Edge computing at the brink of a decade – expectations, forecasts and hopes
The knowledge regarding current trends in the IT industry, particularly at enterprise level, means everyday struggle with sophisticated buzzwords. An important skill here, is to separate the wheat from the chaff, and to identify, within the most comprehensive and catchy term that, which is important for a particular business. Following the cloud-first period, we are increasingly mentioning edge computing. It is worth knowing what the term means actually, and what are the perspectives of this approach at the brink of the next decade.
What is edge computing today?
Based on the observation of trends from the last five decades, one may propose a hypothesis, that the client-server relation is sinusoidal. To make it simpler, we may divide history into a number of phases, with the first being the era of central mainframes. Later, the ability of remote connection with the centralised infrastructure, through thin clients, various access terminals, was made possible. Only then, an order took place, which for many years seemed obvious and the only one, as access to computers was made available – obviously we are speaking of the PC era.
However, here paths started to branch out (at least seemingly) – while consumer electronics began to strive for miniaturisation and mobility in the form of smartphones, the enterprise infrastructure once again began to centralise and take the form of a public cloud provided by but a few corporations. However, if we think about it carefully, both current PCs and smartphones serve the purpose of thin clients – they are strictly limited (resource-wise) consumer devices, that would be of little use if not for the access to Google, Microsoft or Amazon services provided via cloud.

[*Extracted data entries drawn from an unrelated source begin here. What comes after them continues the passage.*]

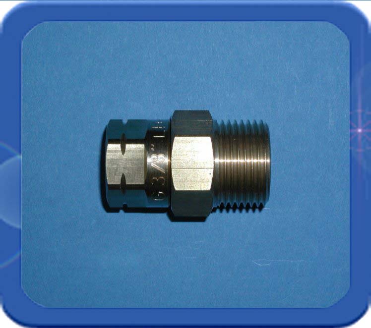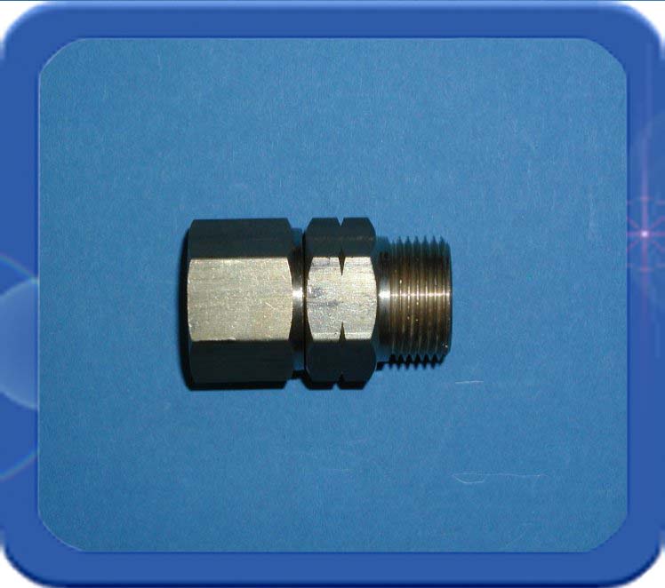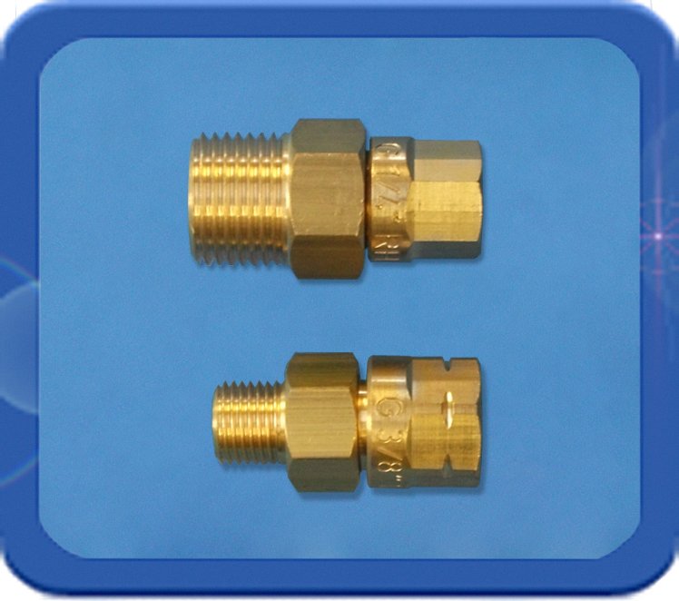 Dit zeer compacte wartelende verloop gaat van 3/8"r uitwendig hol met zeskant 19 mm naar een 3/8"l inwendige wartel met bolconus (zeskant 19 mm). Hierop kan een 3/8"l uitwendige holconische aansluiting met een metallische dichting aangesloten worden.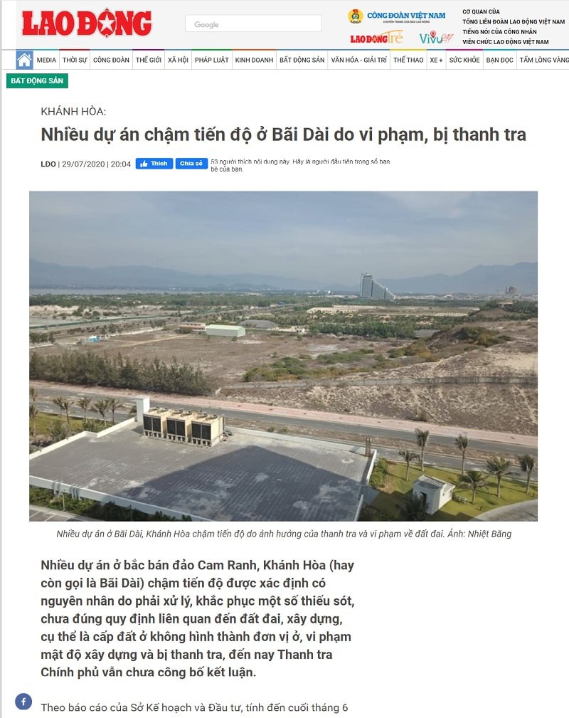 * Báo Khánh Hòa dẫn thông tin từ lãnh đạo Ban quản lý Khu du lịch (KDL) Bán đảo Cam Ranh, dự kiến đến cuối năm 2020 sẽ có thêm 5 dự án đi vào hoạt động:
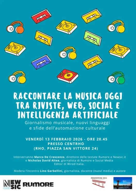 Venerdì 13 febbraio 2026, alle ore 20.45, presso CentRho (Rho, Piazza San Vittore 24), si terrà l’incontro pubblico “Raccontare la musica oggi: tra riviste, web, social e Intelligenza Artificiale”, dedicato alle trasformazioni profonde del giornalismo musicale nell’era della convergenza digitale e dell’automazione dei contenuti.

Edge computing is a continuation of this sine wave of decreasing amplitude. In the edge computing era, the boundaries between external and local infrastructures are becoming blurry, the distance between the server and the client are decreasing (also literally, physically), while generally retaining the centralisation characteristic of the cloud era. Once again calculations performed on assets available locally are playing a larger role, which is particularly important where there is place for no latencies.
Damped sine wave
It is reflected in the hardware proposals of the biggest companies – Google is selling Coral single-board computers, where machine learning may be applied almost entirely locally, and not on the basis of the Mountain View cloud. Additionally, Apple is employing local AI chips, and processes biometric data and other authentication models solely on iPhones. One cannot omit Amazon, that worked on own systems for Echo speakers, that will allow for the local actions of the Alexa assistant. However, the flagship examples of edge computing are the autonomous and semi-autonomous drive systems, which within local systems (i.a. the Full Self Driving Computer produced for Tesla by Samsung or the Drive AGX ORIN board developed by Nvidia), process enormous amounts of environment data on a continual basis, and must react to them immediately.

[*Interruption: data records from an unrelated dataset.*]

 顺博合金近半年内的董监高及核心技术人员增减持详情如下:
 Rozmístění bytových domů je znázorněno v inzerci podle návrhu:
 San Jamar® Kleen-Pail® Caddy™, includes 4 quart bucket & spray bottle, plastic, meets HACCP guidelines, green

In such conditions, the use of an external cloud infrastructure is impossible. The latencies in connection, e.g. the data centres in a distance of a few dozen kilometres, could decide on someone’s life or death. Additionally, one cannot omit the advantage of edge computing, being the increased security. However, one should not treat this approach as an opposition to the cloud, but more as a computing power delivered closer to the location, where this power is needed. On the other hand, the service providers who make substantial money on the cloud, are not eager to resign from their position and must balance securing the needs for local infrastructure with the necessity of their continuously growing portfolio.

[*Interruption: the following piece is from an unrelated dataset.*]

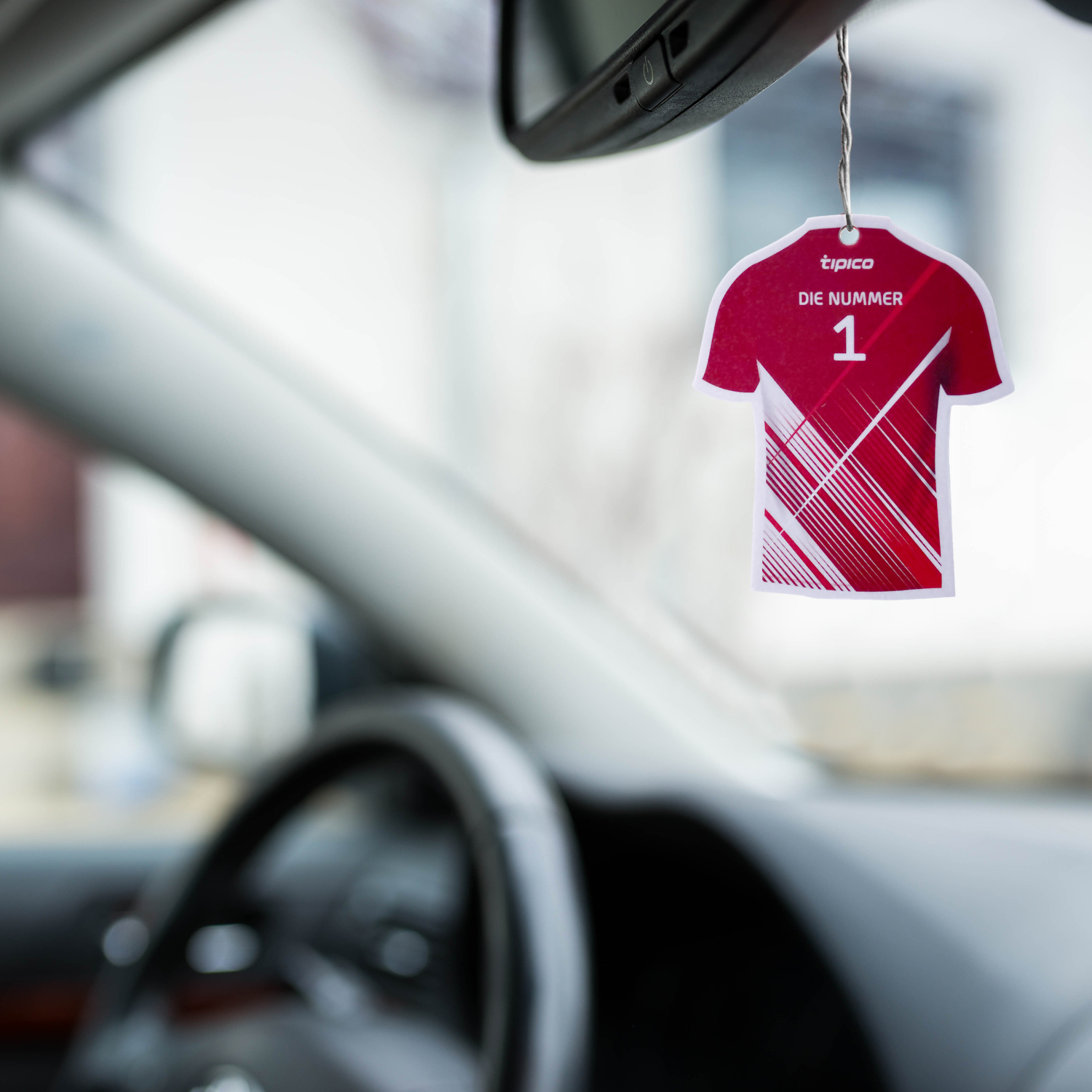 Das Trikot mit Tipico Logo bringt nicht nur einen frischen und angenehmen Geruch ins Auto, er befindet sich auch im Sichtfeld des Fahrers oder Beifahrers und ist auch von außen gut sichtbar. Somit wird die Marke Tipico stetig ins Gedächtnis gerufen.

The shiniest example is the Azure Sphere, an offer that is still in development, combining hardware (an original microcontroller), its local software (a special distribution of Linux) and an external cloud service provided by Microsoft. Therefore, the aforementioned comparison to a damped sine wave is no exaggeration – we are not speaking of the return to a situation, where the entire platform is on the client side, but of a scenario where a server is no longer something external, it goes into the households, however, not losing the connection with the producer’s infrastructure.
What will be the edge computing of tomorrow?
The actual implementations are obviously in an early stage, therefore, the basic source of information regarding the perspectives of edge computing, is analytics. The trend was noted i.a. by the authors of the Forrester Analytics Global Business Technographics Mobility Survey, according to which the hybrid market, referred to as edge cloud service, will grow by 50% this year in comparison to 2019. Interestingly enough, the Forrester analysts assume, that customers will most often build the used services with products of various producers, which may relatively diversify the current marker, strictly concentrated around but a few providers of cloud services.